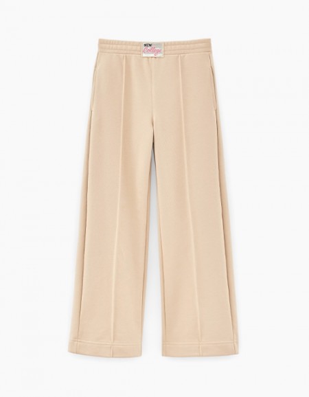 Брюки комфортного, зауженного книзу силуэта, с удобными карманами. Выполнены из трехниточного футера. С поясом из рибаны на эластичной ленте. Декорированы шрифтовой аппликацией из медной пленки внизу справа. Отлично сочетаются с любым верхом коллекции.
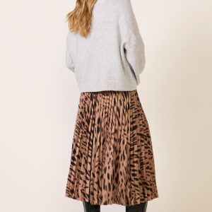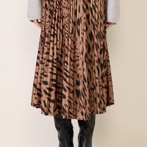 Gorgeous pleats and a chic leopard print define this stylish satin midi skirt by Sanctuary, featuring an A-line silhouette with a comfortable elastic waistband.
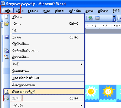 1. หลังจากที่เราได้ทำการสร้างเอกสารแล้ว และมีความต้องการที่จะทำการพิมพ์เอกสาร
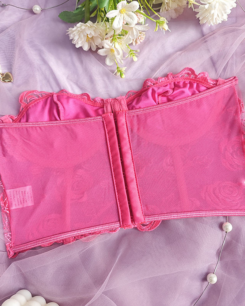 Sexy Flower Lace Mesh Herringbone Tube Top
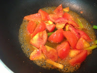 2. ㄧ小匙橄蘭油爆香蔥段放入蕃茄翻炒ㄧ下 加水將蕃茄煮
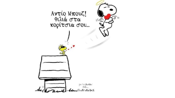 Με ένα συγκλονιστικό σκίτσο, εκφράζει τη θλίψη του για την απώλεια του αρχισυντάκτη του ένθετου Reallife της Realnews, υπεύθυνου της στήλης “Απαγορευμένη Ατζέντα του ΜΠΟΥΖ” στο enikos.gr και παραγωγού στον Realfm 97,8. Το σκίτσο του Δημήτρη Γεωργοπάλη απεικονίζει τον Σνούπι να πετά σαν αγγελάκι, και τον Γούντστοκ, το μικρό κίτρινο πουλί που ήταν βοηθός και φίλος του διάσημου σκύλου-καρτούν, να του λέει “Αντίο Μπουζ! Φιλιά στα κορίτσια σου…”
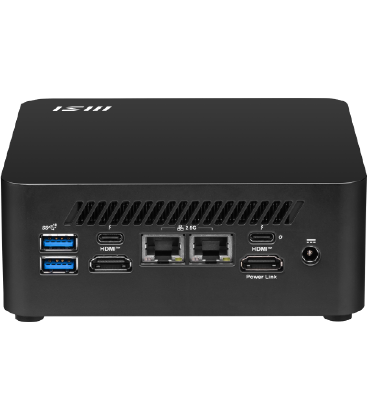 MSI CUBI NUC 1MG-238BEU. Tipo de chasis: 0.84L sized PC, Tipo de producto: Mini PC barebone. Chipset: Intel® SoC. tipos de memoria compatibles: DDR5-SDRAM, Número de ranuras de memoria: 2, Memoria interna máxima: 64 GB. Tipos de unidades de almacenamiento admitidas: HDD & SSD. Ethernet LAN (RJ-45) cantidad de puertos: 2. Wi-Fi estándares: Wi-Fi 6E (802.11ax), Versión de Bluetooth: 5.3. Tipo de enfriamiento: Activo. Fuente de alimentación: 120 W
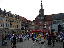 Gegen 5:35 Uhr, also weniger als eine halbe Stunde vor dem Start um sechs, scheint noch nicht einmal die Hälfte der knapp 1800 Läufer auf dem Markt in Eisenach zu sein, so leer wirkt der Platz. Kaum Menschen, die sich einlaufen. Nur einzelne dehnen sich bereits. Kleine Menschengruppen stehen beieinander, unterhalten sich, begrüßen neu Ankommende, die so die Gruppen langsam wachsen lassen. Erste beginnen sich umzuziehen.
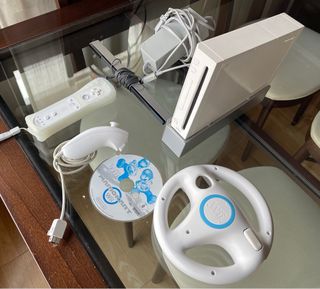 Consola Nintendo Wii en su embalaje original, con el juego Mario Kart. - Incluye todos los accesorios originales. - Volante para Wii. - Juego Mario Kart Wii.
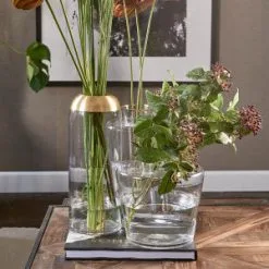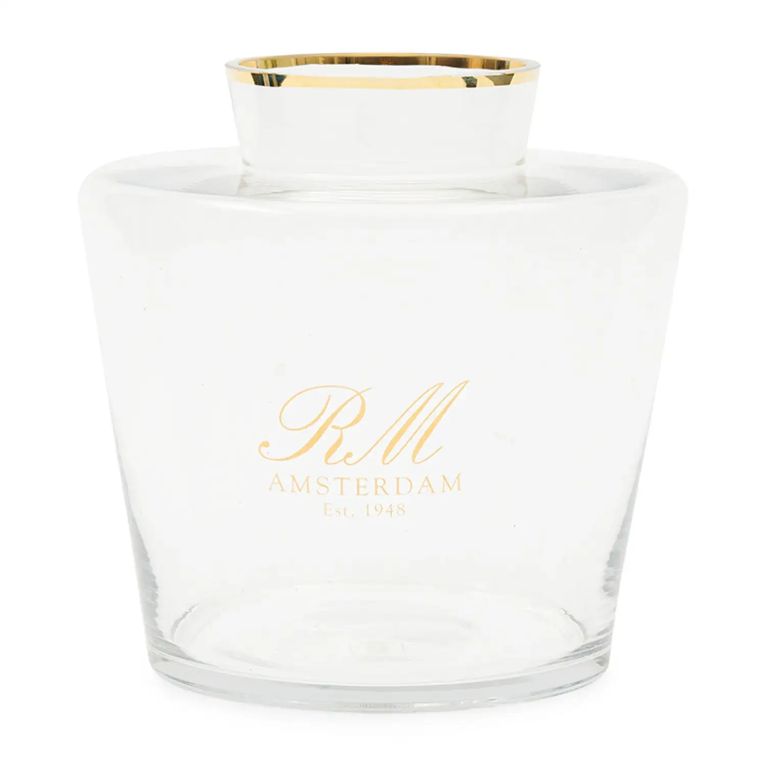 Display a low and wide bouquet festively on the table in this mouth-blown Classic Club Bouquet vase. The golden top edge and equally graceful golden letters turn a bunch of flowers into a party.

——

__The problem__. Only the lines from the one that contains "Consola Nintendo Wii" through the last line of the records may appear in the answer, retyped exactly and with no pictures.

__Answer to this exercise__.
 Consola Nintendo Wii en su embalaje original, con el juego Mario Kart. - Incluye todos los accesorios originales. - Volante para Wii. - Juego Mario Kart Wii.
 Display a low and wide bouquet festively on the table in this mouth-blown Classic Club Bouquet vase. The golden top edge and equally graceful golden letters turn a bunch of flowers into a party.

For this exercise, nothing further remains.